Strebelle, Sebastien, Marjorie Levy, Julian Thorne, Deyi Xie, ChevronTexaco, San Ramon, CA


Building geologically realistic reservoir models that honor well data and seismic-derived information remains a major challenge. Conventional variogram-based modeling techniques typically fail to capture complex geological structures while object-based techniques are severely limited by the amount of conditioning data. This talk presents new reservoir facies modeling tools developed at ChevronTexaco that improve both model quality and efficiency relative to traditional geostatistical techniques.

Multiple-Point Statistics (MPS) simulation is an innovative depositional facies modeling technique that uses conceptual geological models as training images to integrate geological information into reservoir models. Replacing the variogram with a training image allows MPS to capture complex spatial relationships between multiple facies, and model non-linear shapes such as sinuous channels. In addition, because MPS is not an object-based, but still a pixel-based algorithm, MPS can account for very large numbers of wells, seismic data, facies proportion maps and curves, variable azimuth maps, and interpreted geobodies, reducing dramatically uncertainty in facies spatial distribution.

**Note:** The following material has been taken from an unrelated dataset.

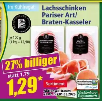 Jetzt im Angebot bei Norma: Lachsschinken Pariser Art/ Braten-Kasseler ✅ Aktion gültig vom 23-02 bis 1-03.

Facies Distribution Modeling (FDM) is a new technique to generate facies probability cubes from user-digitized facies depocenter maps and cross-sections, well data, and verti­cal proportion curves. Facies probability cubes generated by FDM are used as soft con­straints in geostatistical modeling. They are critical, especially in sparse well environments, to ensure that the spatial distribution of the simulated facies is consistent with the deposi­tional facies interpretation of the field.

A workflow combining MPS and FDM has been successfully used for the last two years to model prominent ChevronTexaco assets in both shallow and deep-water environments.